Abstract:
As the popularity of passive investment has grown it has given rise to numerous
phenomena. Among these is a pricing anomaly around the event of a share entering
or exiting an index. Numerous event studies have quoted theoretical performance
figures that can be achieved by trading on this event. However they do not consider
the practical elements of an investor trying to achieve these.
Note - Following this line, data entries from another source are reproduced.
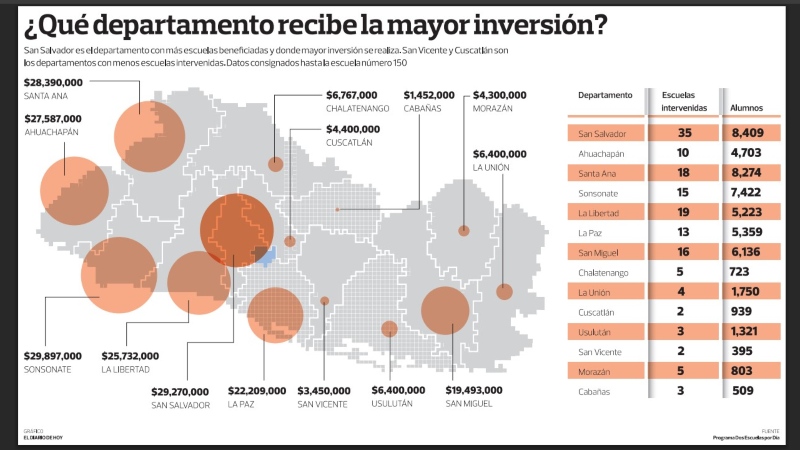 Datos tomados del sitio web de Dos Escuelas por Día hasta la institución número 150. Foto EDH/Cortesía
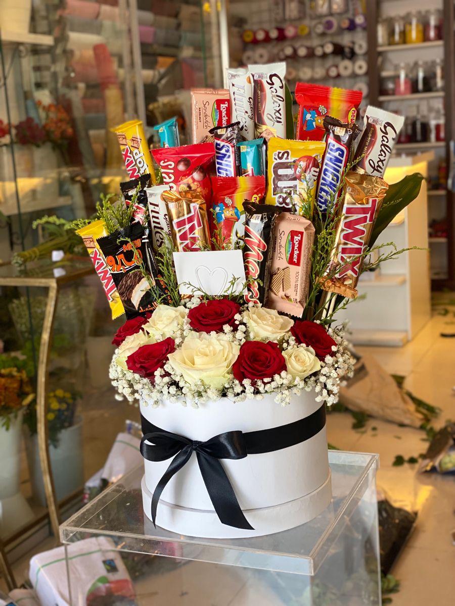 A stunning fusion of romance and indulgence featuring a premium arrangement of fresh red and white roses paired with an assortment of favorite chocolates. Elegantly presented in a white round gift box with a silk black ribbon, it’s the perfect surprise for birthdays, anniversaries, or a “just because” treat.
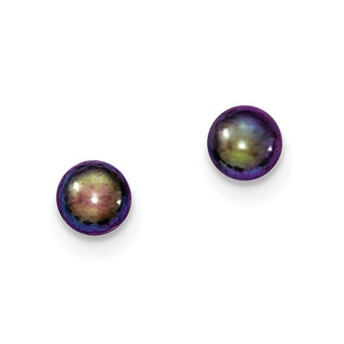 Solid 925 Sterling Silver 6-7mm FW Cultured Button Simulated Pearl Black Earrings
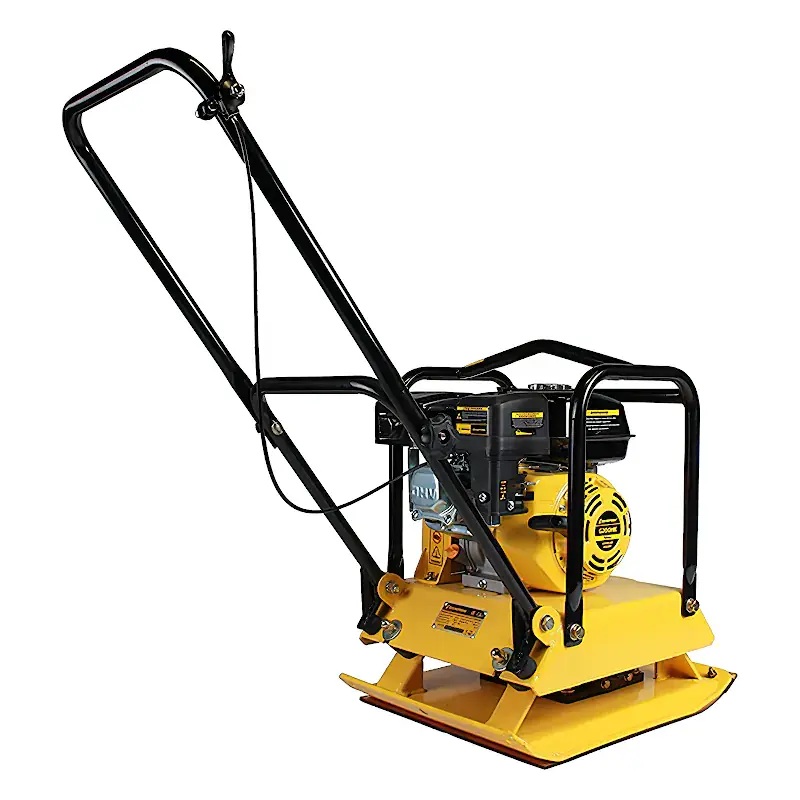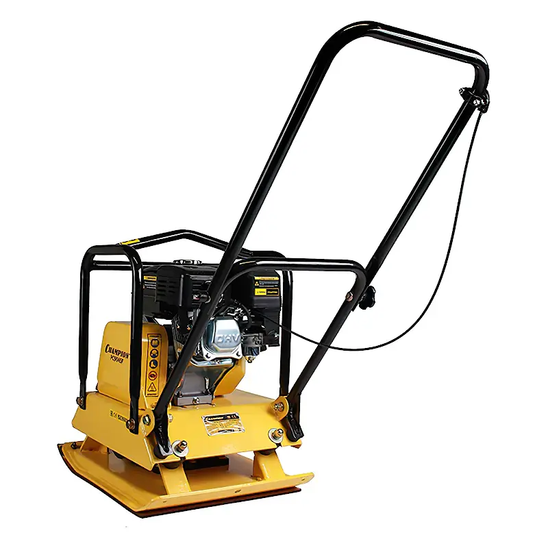 Бензиновая виброплита CHAMPION PC9045F предназначена для уплотнения песка, гравия, битумногравийной смеси, каменной брусчатки при строительстве и ремонте дорог и тротуаров, автомобильных стоянок, площадей, спортплощадок, фундаментов, инженерных сетей и других строительных работах. Виброплита PC9045F оснащена фирменным 4-тактным одноцилиндровым двигателем CHAMPION мощностью 6.5 л.с. Запуск двигателя производится ручным стартером. Объем топливного бака составляет 3.6 л, который рекомендуется заправлять бензином не ниже АИ-92. Контроль уровня масла в картере, объем которого 0.6 л осуществляется с помощью датчика. При недостаточном уровне масла двигатель не запустится. Бензиновая вибрационная плита CHAMPION PC9045F рассчитана на работу двигателя при 3600 об/мин. Работа двигателя на более низких оборотах приведет к снижению силы уплотнения, скорости движения и маневренности. Высокий уровень мощности и размеры плиты (50х45 см), обеспечивают эффективность на больших участках, средняя производительность виброплиты PC9045F составляет 660 м2/час. Эта модель виброплиты обеспечивает уплотнение основания на глубину до 300 мм за один проход. Выполняя работы по уплотнению материалов дорожного покрытия из тротуарной плитки, брусчатки, плитняка установите резиновый коврик на плиту, что предотвратит повреждение поверхности. Для продления срока службы резинового коврика не рекомендуется использовать его при уплотнении песка, гравия, битумно-гравийной смеси. Максимальный угол наклона при работе на склонах не должен превышать 15°. Для перемещения виброплиты CHAMPION PC9045F к новому участку работы на небольшое расстояние используйте транспортировочную тележку.
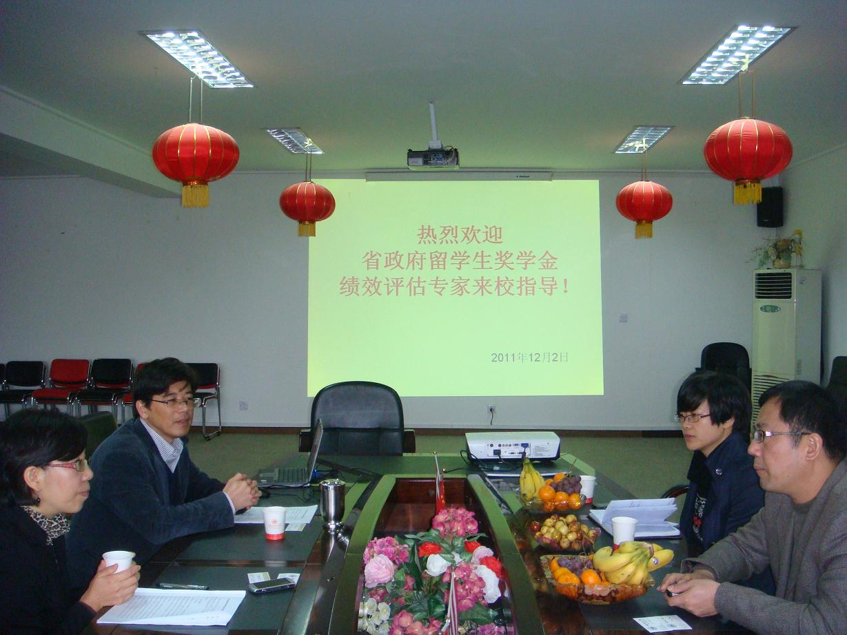 2011年12月2日,浙江省教育厅来华留学生奖学金管理委员会冯定忠秘书长一行来我校对省政府来华留学生奖学金绩效评估进行考核指导。

This study sought to understand whether this event can be practically traded by an
investor. This has provided insight into the realities of the event beyond the
theoretical observations in the existing literature. The findings hold relevance for
passive and active investors alike, as well as management of the listed companies
within this segment of the market. This study calculated two different investment
styles, which the literature has suggested should be profitable, but has applied
practicality constraints in order to test the real world applicability of the findings. The
two styles were built and iterated to optimise the performance using share data from
the Johannesburg Stock Exchange (JSE) between January 2005 and September
2019.
The results showed style 1 was unable to outperform the J200 or J201 on a
consistent basis. Style 2 was able to massively outperform, theoretically achieving
226% annual returns. However once the practicality constraints, primarily cost, was
factored in the style produced a -30% return over the full period. This raises
significant questions of the, until now, belief that this event produces a large
outperformance which is likely being traded by investors.